A medical parasitologist attempts to treat numerous conditions by performing research in several fields. Epidemiology, immunology, chemotherapy, and pathology are all areas of interest to the medical parasitologist. Through research, vaccines against certain types of parasites have been developed, and the spread of many parasitic diseases has been considerably slowed.

Parasitologists may also work in the veterinary field, studying parasites that attack animals. These include farm animals that are raised for food or work, as well as domesticated animals that are kept as pets. In addition, a veterinary parasitologist may also study the parasites that are found in wildlife.

Common veterinary parasites include fleas, ticks, mites, mange, and various worms. Heartworms are probably the best known parasites among pet owners, as heartworms can infect both dogs and cats. Veterinary parasitologists are often employed by pharmaceutical companies where they research therapies and vaccines that may eradicate parasites in animals. Since some parasites may be passed from animal to human, veterinary parasitologists can also play a role in public health issues.

Some parasitologists also work in the field of agriculture. They help farmers protect crops and plants from destructive parasites.

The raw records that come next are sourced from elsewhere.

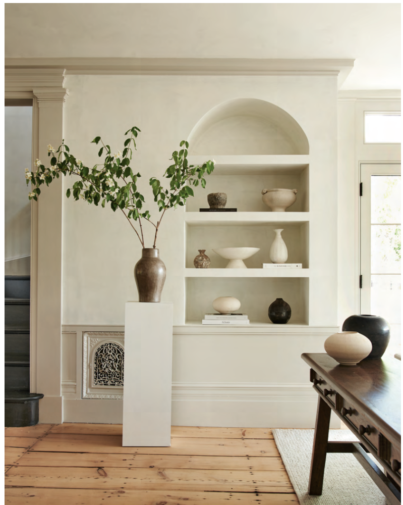
Opposite: A built-in shelving unit creates a pretty hub to display vintage ceramics. The wooden console that backs the sofa was found on 1stdibs. Benjamin Moore's Sea Salt defines the restored trimwork against the home's plaster walls.
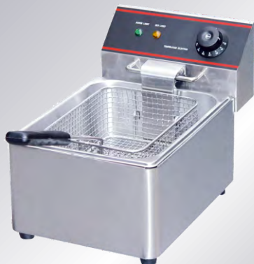
EF-6L Electric 1-Tank Fryer(1-Basket)
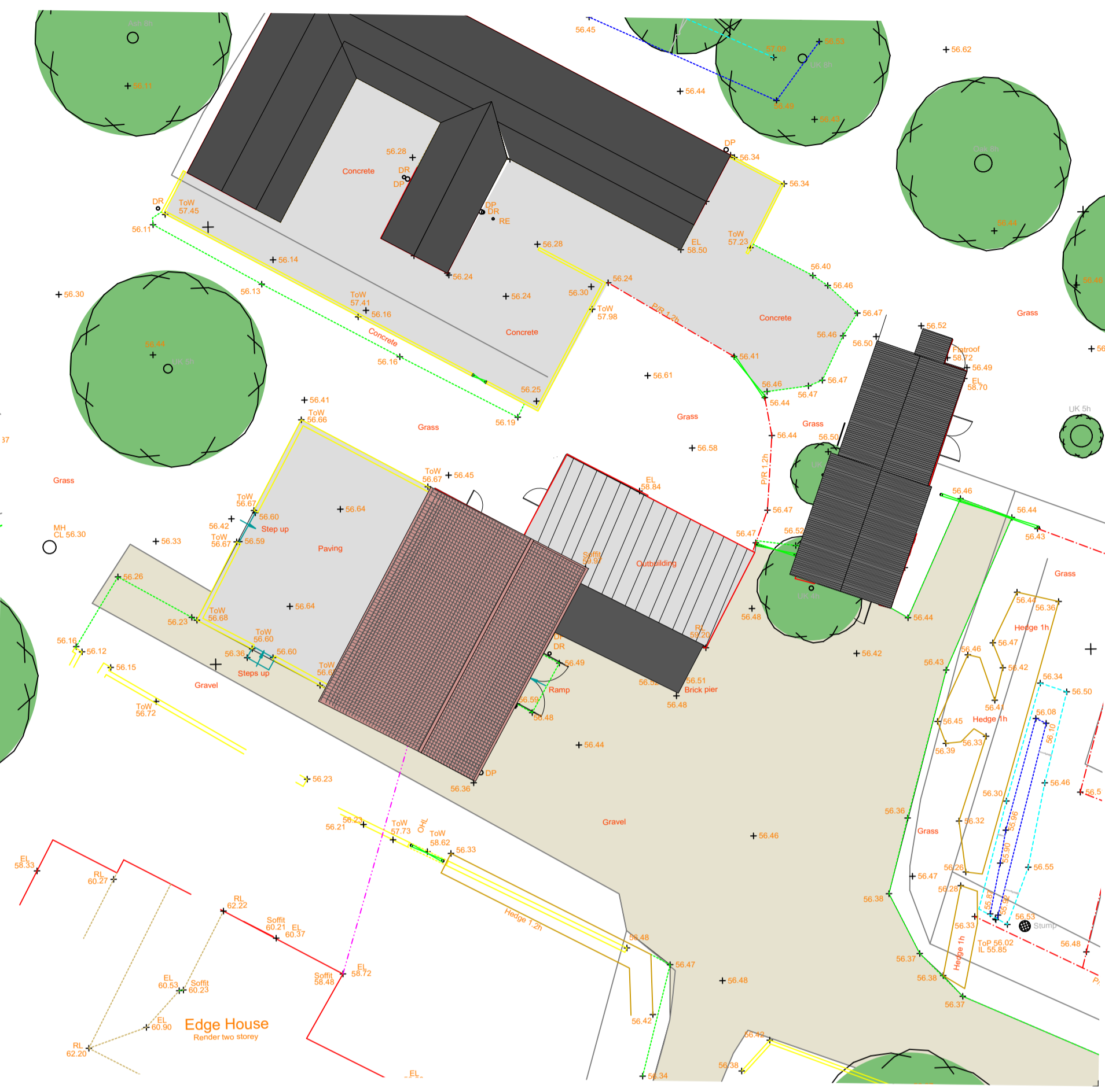
BLOCK PLAN Scale 1:200

An agricultural parasitolgoist may also research the possible use of parasites as a means of fighting insects that would also attack crops.

For a career as a parasitologist, an undergraduate degree in biology or chemistry is usually required, though many parasitologists have a Bachelor of Science in microbiology. A master’s degree or PhD, however, typically is necessary for senior research positions in parasitology. If a career in medical parasitology is desired, a medical degree may also be required.